How to get rich

Okay, not being a technogeek (please keep reading!) this article came as a suprise to me.

My first thought - Boris could make a ton, a ton I say, of money building and installing these open source digital video recorders for people. Everything's not as open-standardsy as they suggest here - XMLTV my ass. Not something the average person would have the patience to fool with, but boy would they (I) enjoy a cheap DVR customized for my digital system (LOOK TV in my case). Of course, my 15 year old, 13" TV set would probably need to be upgraded. Enough blather - read on...

wired article

Thanks to several open-source projects, you can build your own digital video
recorder that will blow boxes from TiVo and ReplayTV right off the shelf.

About a dozen collaborative software projects are in the works that will
transform a spare computer, or one built from off-the-shelf parts, into a
homemade digital video recorder, or DVR. They also can record multiple shows
simultaneously, archive shows to video CD, play digital music and computer
games and display photographs and local weather forecasts.

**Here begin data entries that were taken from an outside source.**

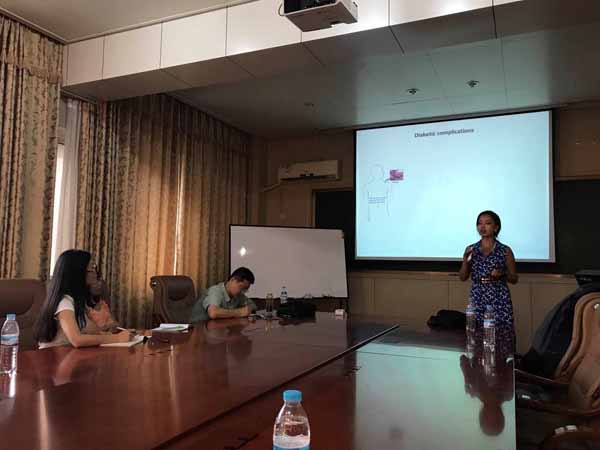 Yang De Marinis(张阳)博士在报告中指出了高血糖是一种有效的表观遗传改变的诱导因素,表观遗传调控与糖尿病并发症的发生具有密切的因果关系。目前,其研究团队正在运用尖端技术,包括全基因组染色质免疫沉淀测序(ChIP-seq)和基因组编辑工具CRISPR/Cas9等对糖尿病患者肾脏活检、动脉粥样硬化斑块巨噬细胞和单核细胞进行研究,在不同的人和动物细胞中可以用nuclerotide CRISPR/Cas9来编辑最高候选基因和单基因多态性(SNPs)以进行详细的功能学习。报告之后,Yang De Marinis博士还和与会师生针对报告中的一些问题展开了热烈的讨论,高瑞教授最后进行了总结。
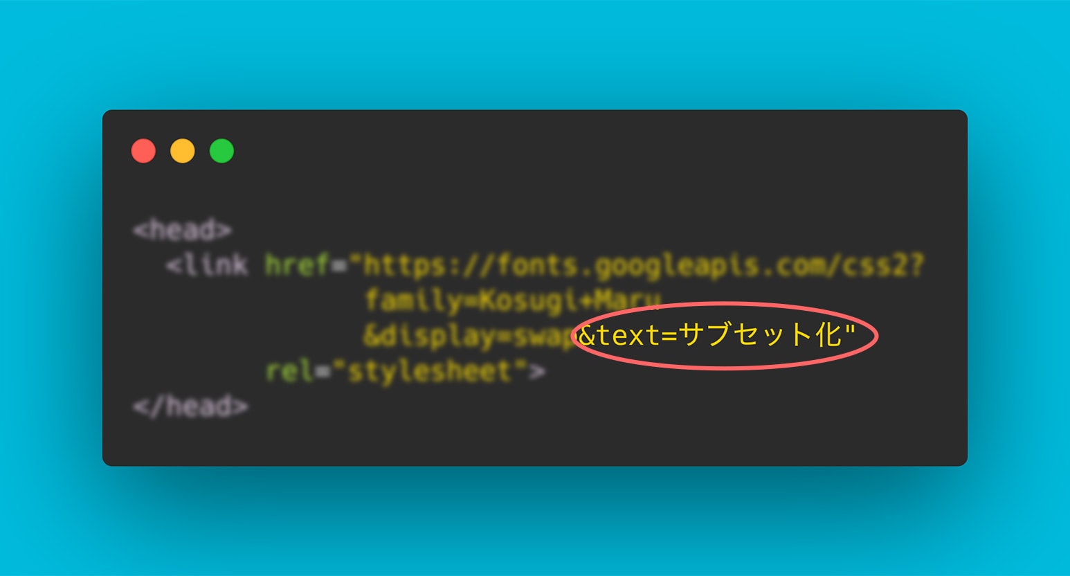 href="https://fonts.googleapis.com/css2?family=Kosugi+Maru&display=swap&text=Webフォントを使おう"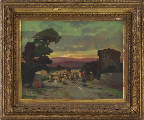 Lot 80 | Renato Natali "Gregge" olio su masonite (cm 49x67) firmato in basso a destra al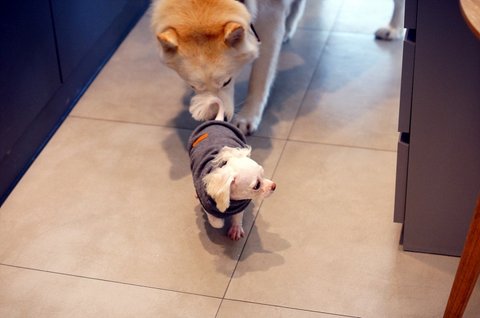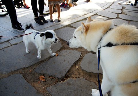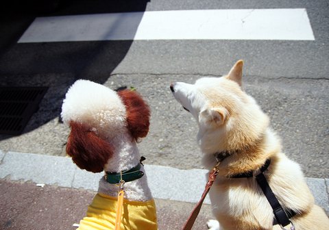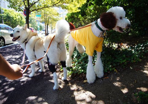 뽀삐도 같이 산책하고 싶은가 봐요.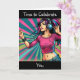 Um cartão de aniversário fofo para um adolescente ou uma garota de vinte e poucos anos. Vamos comemora-te! Estilo de banda desenhada bonita dama com fones de ouvido ouvindo música com um fundo de pop.
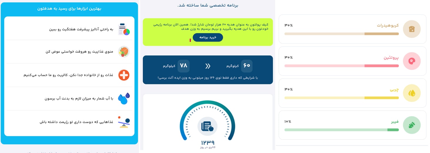 بعد از تکمیل اطلاعات و انتخاب رژیم، برنامه یک طرح تغذیهای اختصاصی برای کاربر میسازد که شامل میزان کالری روزانه، درصد مناسب کربوهیدرات، پروتئین، چربی و فیبر، و همچنین مدتزمان تقریبی رسیدن به هدف است. این بخش به کاربر کمک میکند تا دقیقاً بداند چه مقدار و چه نوع مواد غذایی باید مصرف کند. حتی برای انگیزه بیشتر، برنامه هدیه اعتباری مانند ۲۰ هزار تومان شارژ کیف پول هم در نظر میگیرد.

Thanks to the combined expertise of about half a dozen hackers from all over
the world, the project is close to assembling a complete software package for
homemade DVRs. Version 0.9 of the MythTV software is due out next week.

Based on Linux, the free software features an easy-to-use graphical interface,
which can be navigated with a standard remote.

The MythTV software offers all the basic DVR features -- it can pause and
rewind live TV, and fast-forward through shows and ads. It supports multiple
tuner cards (and multiple simultaneous recordings) and boasts
picture-in-picture capability if there's more than one tuner card installed. It
also offers basic video-editing capabilities and allows shows to be archived to
video CD.

MythTV grabs programming information from the Net using XMLTV, an open-source
project that scrapes television listings off the TV Guide website.

For example, Raffi Krikorian, author of a forthcoming book called TiVo Hacks,
is planning to build a MythTV DVR from scratch that will record two shows at
the same time, store about 250 hours of programming, play DivX movies
downloaded from the Net and archive shows to video CD. The DVR also will record
radio and play MP3, Ogg Vorbis and other audio formats, while grabbing free
programming information from the Web.

MythTV has a nifty distributed architecture that allows multiple machines to
work in concert, recording and streaming shows to each other over a network.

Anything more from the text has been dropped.